» **YOUR INSTRUCTIONS**: Quote exactly, and only, the lines of the material below from the line with "рыба 25%, дегидрированная" through the line with "ジューシーに焼き上げた牛肉を青じそ香るさっぱりとした和風ソースでいただきます。".

» **LISTED RECORDS**:
Content starts
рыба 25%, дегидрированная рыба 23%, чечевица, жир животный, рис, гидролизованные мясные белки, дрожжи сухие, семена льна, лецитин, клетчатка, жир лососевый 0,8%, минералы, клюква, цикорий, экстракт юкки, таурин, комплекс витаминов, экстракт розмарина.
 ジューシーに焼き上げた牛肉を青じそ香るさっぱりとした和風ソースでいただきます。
Content ends
Content starts
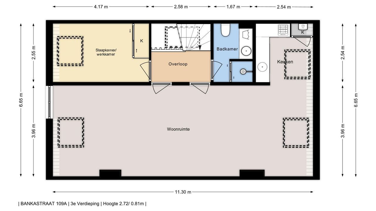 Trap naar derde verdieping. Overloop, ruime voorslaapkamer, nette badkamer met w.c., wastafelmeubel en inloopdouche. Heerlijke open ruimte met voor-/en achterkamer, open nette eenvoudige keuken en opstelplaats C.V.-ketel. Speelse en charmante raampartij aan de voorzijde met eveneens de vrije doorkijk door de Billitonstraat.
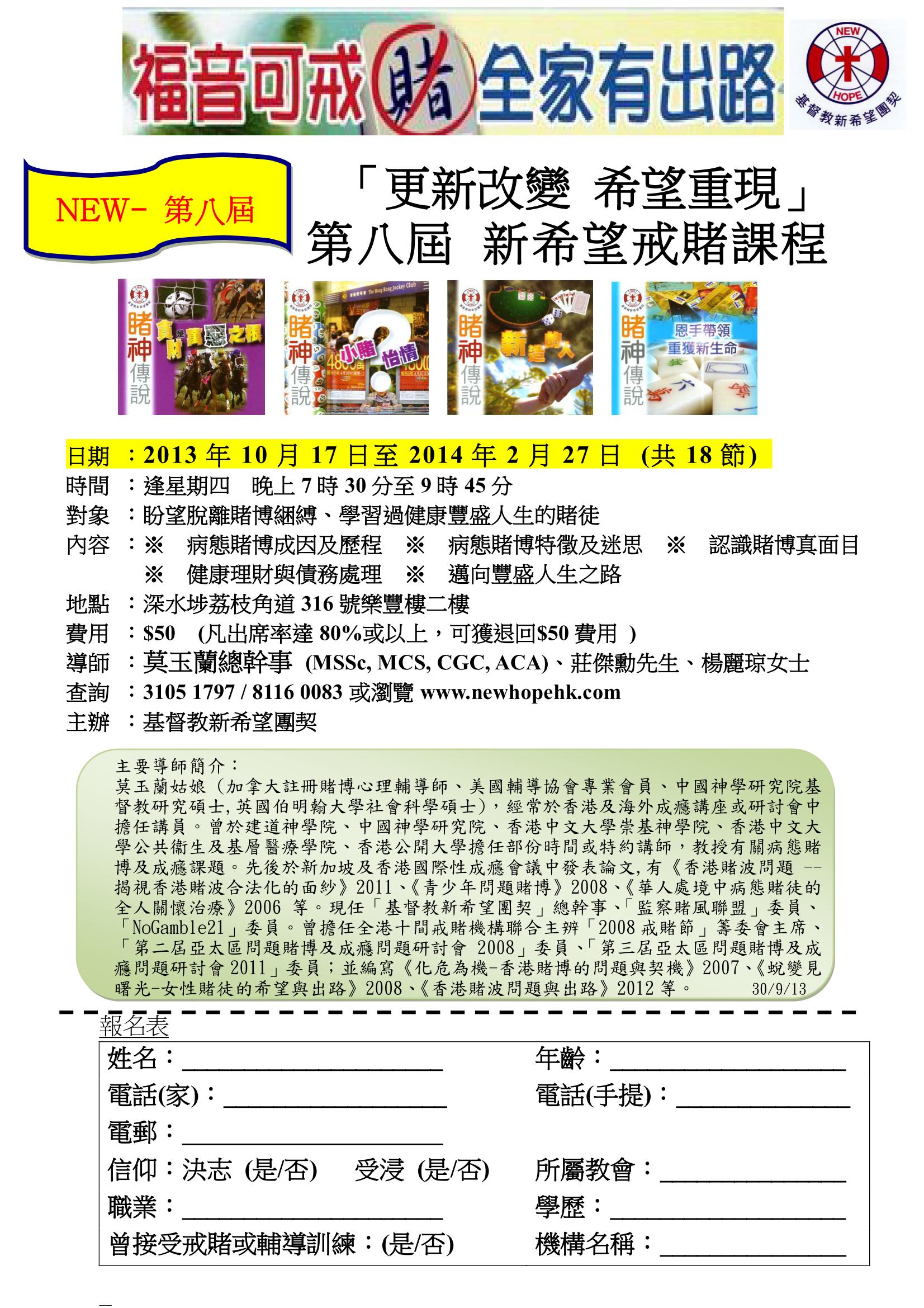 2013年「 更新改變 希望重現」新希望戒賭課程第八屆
Content ends
Content starts
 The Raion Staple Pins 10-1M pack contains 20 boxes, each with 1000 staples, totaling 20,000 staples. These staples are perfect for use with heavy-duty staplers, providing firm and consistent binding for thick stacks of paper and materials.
Content ends
» **OUTPUT**:
рыба 25%, дегидрированная рыба 23%, чечевица, жир животный, рис, гидролизованные мясные белки, дрожжи сухие, семена льна, лецитин, клетчатка, жир лососевый 0,8%, минералы, клюква, цикорий, экстракт юкки, таурин, комплекс витаминов, экстракт розмарина.
 ジューシーに焼き上げた牛肉を青じそ香るさっぱりとした和風ソースでいただきます。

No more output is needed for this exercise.